Once the bank has received your application, they will review your account and payment history. Based on this assessment, your application will either be approved or denied. If approved, your new limit will be applied to your card instantly.
While increasing your credit card limit may be an easy process, it’s important to remember that you should only request limits that you can manage. A high limit increases the risk of having a larger debt, even with cards that provide generous rewards programs or low-interest rate options. So, it’s important to think carefully and seek advice from people you trust before increasing your Commonwealth Bank credit card limit.
How can I increase my credit card limit on my American Express card?
If you want to increase the credit limit on your American Express (AMEX) credit card, you will need to apply through the AMEX Online Services, or by calling the number on the back of your card. You may need to share personal information that the bank can use to assess whether the requested limit is suitable for you and your current financial status. Once your application is approved, your new limit will be ready for use within an hour.
How does ANZ increase my credit card limit?

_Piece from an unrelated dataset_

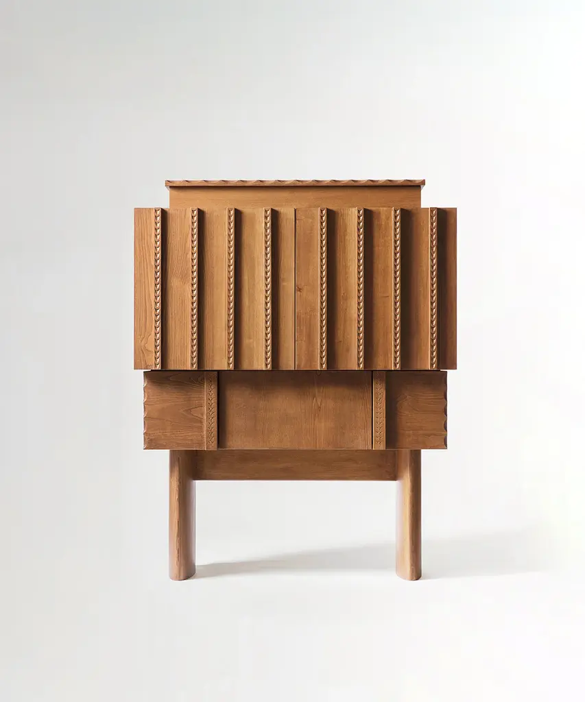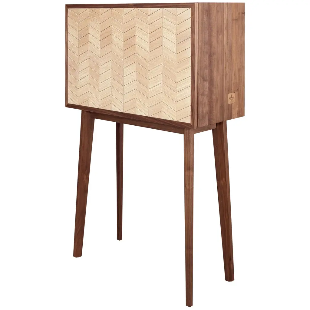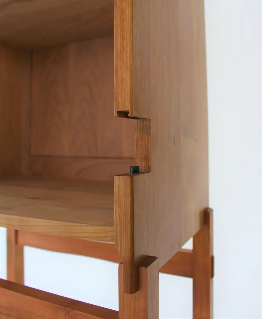 This present but very quiet-looking cabinet Cabinet is a celebration of simplicity. Through subtle lines and minimal design language, the wood and the connections are given the space to tell their story. Due to the subtle curves in the design language, this cabinet looks friendly and inviting, The light base lifts the hull and the doors to human height. That makes this piece of furniture ideal for storing or exhibiting beautiful items. The doors are made of two mirrored parts, split from the same piece of wood for a symmetrical grain drawing, and reinforced with cling crafted with traditional hand-shaved sliding swallowtails. The clamps flow into the hinged part that rests in the hull on a hardwood pin and rotates, purely on friction and gravity. By means of the locks with sliding swallowtails, these are removable. The hull is also gravity in the chassis and completely removable. As a whole, this cabinet is both a practical and aesthetic enrichment for its environment. Born love, fascination and cherishing the old craft.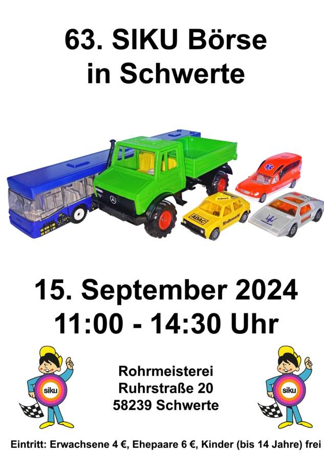 9. September 2024 um 22:48 #1 Am Sonntag, 15. September 2024 findet in der Rohrmeisterei Schwerte die 63. SIKU Börse statt.Rohrmeisterei SchwerteRuhrstr.258239 Schwerte

If you’re the primary cardholder on an ANZ credit card, you can increase your credit limit by logging into your credit card account and choosing the “Increase your credit limit” option. You can also submit an ANZ credit card limit increase application form by visiting any ANZ branch or by mail or fax. When completing the form, it's important to remember to specify how much you want the limit increased. You can estimate this by first calculating the amount of credit card debt you can afford to repay based on your income and expenses, and then declaring that in your application.
Irrespective of whether you’re completing your ANZ credit card limit increase application online or in print, you’ll need to provide updated employment information, income, and expenses, which the company will have to verify. You'll also need to authorise ANZ’s access to your credit history, as your current credit score and recent credit history tell the company about your financial responsibility, and whether or not you'll be able to repay the additional debt you’re applying for.
In some cases, ANZ may ask you for additional information, or the agent processing the application may reach out to you after your application is received. After verifying your credit score as well as your personal and financial information, however, ANZ may approve a credit card limit increase proportionate to your repaying ability, though it may not be the same as the increase you requested.
What is the CUA credit card increase limit process?
A credit limit is pre-assigned based on factors like your income, expenses, and debt by the card-issuing company. It varies from time to time based on credit utilisation and changes to your circumstances.
If your income has increased or your liabilities have reduced, you can request for an increase of your CUA credit card limit. You can lodge the request via online banking on the website, or by visiting the closest branch, or by downloading the application form and mailing it. While making the application, you may need to provide information about your income, employment status, desired limit, and the reason for the increase. The card-issuing company will assess your request before approval.
Before you apply for an increase to the credit limit, ensure your bills are paid in full and you aren’t asking for a very steep enhancement.